(48) Complex Roots Of Multiple Non-Linear Equations (Newton-Raphson Method)

[gerry_in_polo]

Complex Roots of Multiple Non-Linear Equations Via Newton-Raphson Method, HP-48
Gerardo V. Lozada, M.S., P.E.E., May 12, 2015

Computes the real and complex roots of a system of simultaneous non-linear equations using the Newton-Raphson Method utilizing the forward difference method to approximate the Jacobian matrix.

Input parameters on the stack:

MQ - A list containing the simultaneous non-linear equations, each enclosed in single quotes ' ', the number n of variables should equal the number of equations. Variables are denoted as X(1), X(2), X(3) ...... X(n).

X0 - Array containing the initial estimate of the roots, may be real or complex.

Example: Find the roots of the three simultaneous equations X1^2 - 2*X1*X2 + X2^2 - ln(X3) = 16, X1^2 - X2^2 + 20*sin(X3) = 9 and X1^3 + X2^2 + X3^2 = -27 using initial estimates of X1=1-j7, X2=2+j10 and X3=-4-j11.

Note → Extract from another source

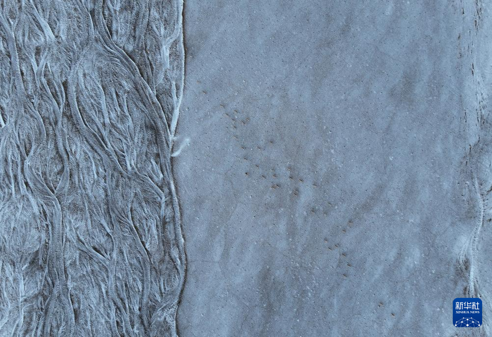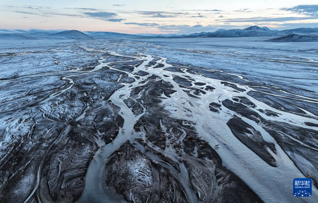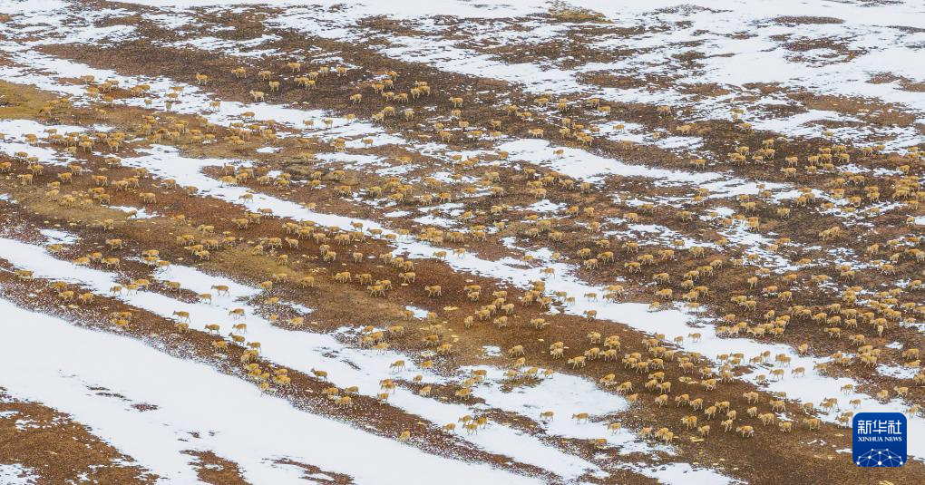 在甜水河畔荒灘雪地中向產(chǎn)羔地遷徙的藏羚羊(6月14日攝,無人機(jī)照片)。新華社記者 普布次仁 攝
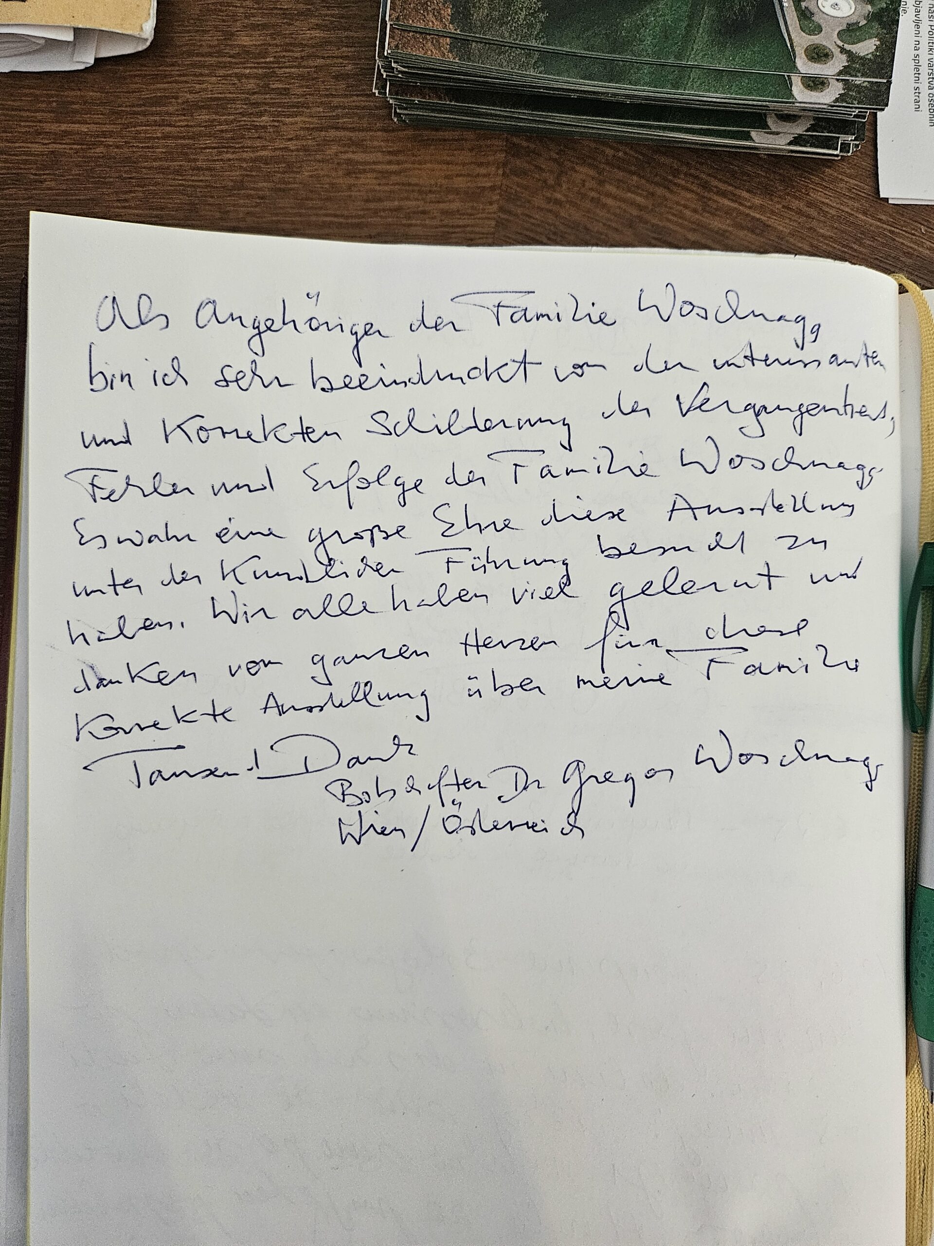 Bilo mi je v čast, da sem si v okviru vodenega ogleda lahko ogledal to razstavo. Vsi smo se veliko naučili, zato se iz srca zahvaljujemo za (korektno) razstavo o moji družini.

Enter {'X(1)^2-2*X(1)*X(2)+X(2)^2-LN(X3)-16' 'X(1)^2-X(2)^2+20*SIN(X)-9' 'X(1)^3+X(2)^2+X(1)^2+27'} and [(1,-7) (2,10) (-4,-11)] on the stack and then run the program NR.

The resulting complex roots are: X = [(1.1215, 4.0809) (5.313, 3.7512) (-3.9988, -1.588) ] converged in
15 iterations. Final estimate error is 4.5802e-7. Other root combinations may be found depending on the initial root estimates used.


Program NR

<< -> MQ X0 <<
1e-6 'TL' STO
MQ SIZE 'N' STO
X0 'X' STO
IF X0 TYPE 4 == THEN
(0.01,0.01) 'D' STO ELSE
0.01 'D' STO
END
0 'ITER' STO
DO
0 'YM' STO
1 N FOR I
MQ I GET ->NUM
NEXT
N ->ARRY
'Y' STO
1 N FOR I
Y I GET
ABS 'YI' STO
IF YI YM > THEN
YI 'YM' STO
END
NEXT
IF YM TL >= THEN
1 N FOR I
1 N FOR J
X J GET
D +
X J 3 ROLL
PUT
'X' STO
MQ I GET
->NUM
Y I GET -
D /
X J GET
D -
X J 3 ROLL
PUT
'X' STO
NEXT
N ->ARRY
NEXT
N ROW-> 'JAC' STO
Y JAC /
'DX' STO
X DX -
'X' STO
END
ITER 1+
'ITER' STO
UNTIL YM TL < END
MQ
X "X" ->TAG
ITER "ITER" ->TAG
YM "YM" ->TAG
>> >>